Jeff VanderMeer • January 6th, 2010 • Culture

Jewcy.com has run a cool little gallery feature on the Kosher Guide. They’ve used their own stock images, but run snippets of our text with it. Check it out–and buy early and often on this one.

And, for your mid-week entertainment, this piece by Rick Kleffel in the SA Current about New Weird, and the John Scalzi remix of the Finch insurgency poster (originally meant for my Big Idea piece on Whatever and created by Jeremy Tolbert)–in part as a way of introducing new readers to the Finch Reader’s Page, which has a bunch of cool stuff on it.

On Joanna Russ and The Secret Feminist Cabal

Jeff VanderMeer • January 4th, 2010 • Culture

On the Amazon book blog, I just posted an interview Graham Sleight did with Farah Mendlesohn about a book she edited titled On Joanna Russ. It’s a fascinating book and an equally fascinating interview, and I highly recommend you check it out.

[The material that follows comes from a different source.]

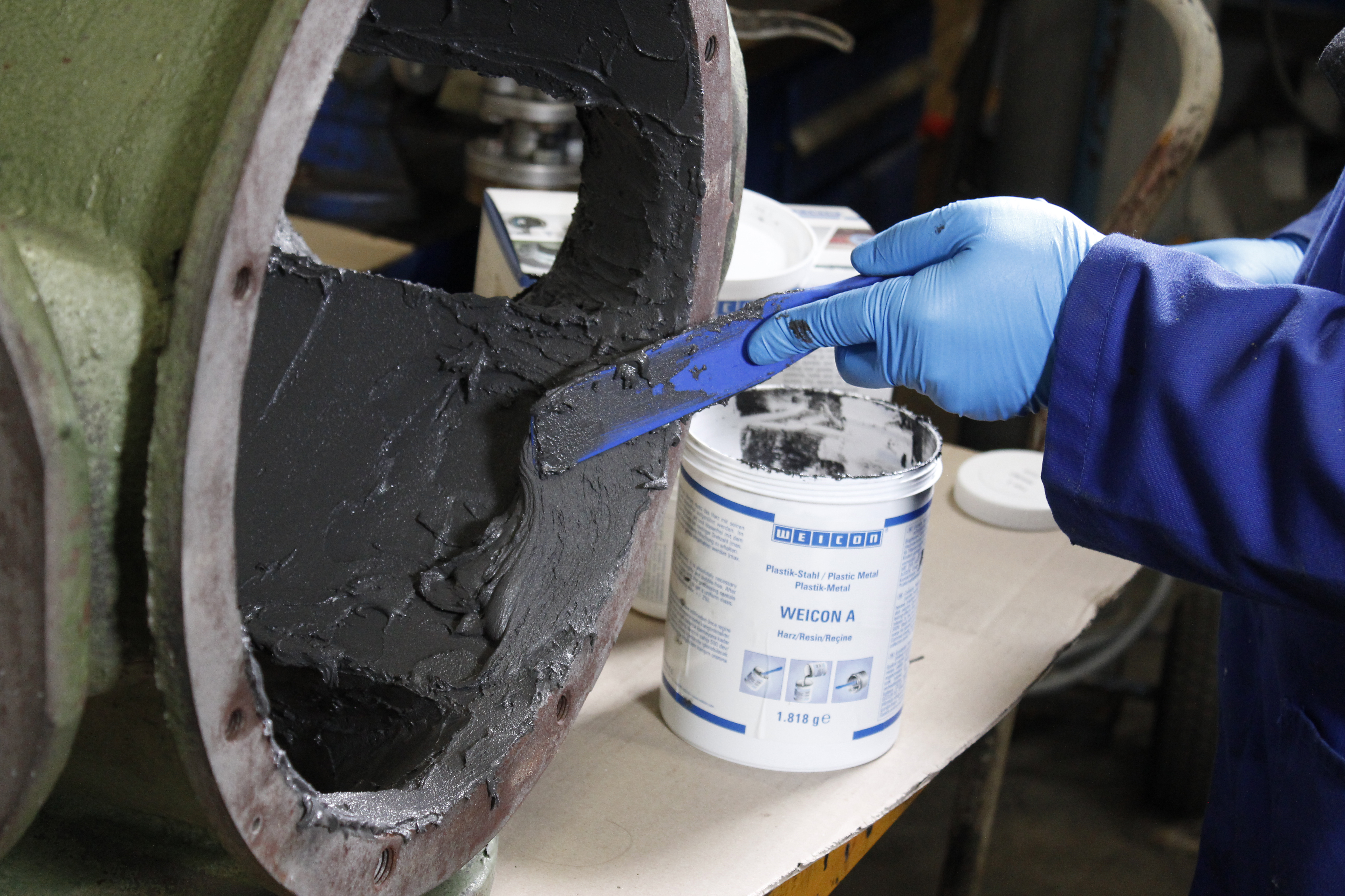 WEICON A DNV GL sertifikasına sahiptir ve özellikle denizcilik sektöründeki onarım ve bakım çalışmaları için uygundur. Epoksi reçine sistemi yüksek oranda çelik pigmentlerle doludur, manyetiktir ve dikey yüzeylerde bile işlenebilecek kadar macunsu yapıdadır. Korozyon hasarını ve oyuklanmayı gidermek veya delikleri ve boşlukları onarmak için kullanılabilir. Örneğin, korozyon ve oyuklaşma nedeniyle ciddi şekilde hasar görmüş ağır çelik bileşenlerin reprodüksiyonu için kullanılabilir. WEICON A, epoksi reçinenin uygulanmasında kaynakta olduğu gibi termal bozunmaya neden olmadığından, kaynağa gerçek bir alternatiftir. 2 bileşenli sistem, tank ve borulardaki onarımların yanı sıra motor veya pompa gövdeleri ve makine parçalarındaki çatlakları onarmak için de kullanılabilir. Boruların ve hatların güçlü ortam etkilerine maruz kaldığı kanalizasyon sistemlerinde kullanım için idealdir. Diğer uygulamalar arasında modellerin, kalıpların, aletlerin ve germe tertibatlarının imalatı yer alır. WEICON A makine mühendisliğinde, alet yapımında, çimento endüstrisinde, enerji santrallerinde, model ve kalıp yapımında ve diğer birçok endüstriyel alanda kullanılabilir.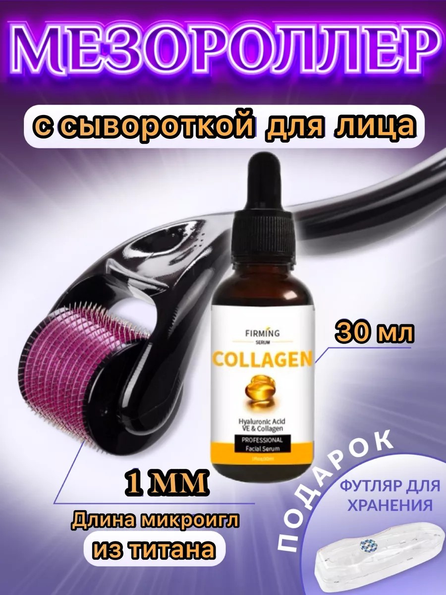 В комплекте мезороллер 1 мм с титановыми иглами и коллагеновая сыворотка 30 мл.

Among other things, Farah points out the potential problems of the old boys’ club as typified by guys hanging out with guys at cons. Inasmuch as conventions are business opportunities–work-related–she has a good point, although I wonder if this is more of a UK phenomenon? (Update: I may wonder this, but Farah says it’s something observed at US cons.) At least, I know Ann and I always meet with and hang out with a wide variety of creators and editors whenever we’re at a con–there’s absolutely no backroom, smoke-filled nudge-nudge, wink-wink. She also says that men should be more proactive about complaining about male-only panels at cons. I agree in theory, but in practice the decision-making process behind con panels tends to be muddled and disorganized across many different criteria. My hope would be two-fold: (1) that cons wouldn’t put us white males on panels in this position to begin with and (2) that cons would be more systematic and thoughtful about programming in general. (With the understanding that being in charge of programming, and dealing with writer egos generally is a really thankless job.) In any event, food for thought.

I also talk briefly in the premable to the feature about The Secret Feminist Cabal, which I hope to devote a blog post to late in the week, depending on other deadlines.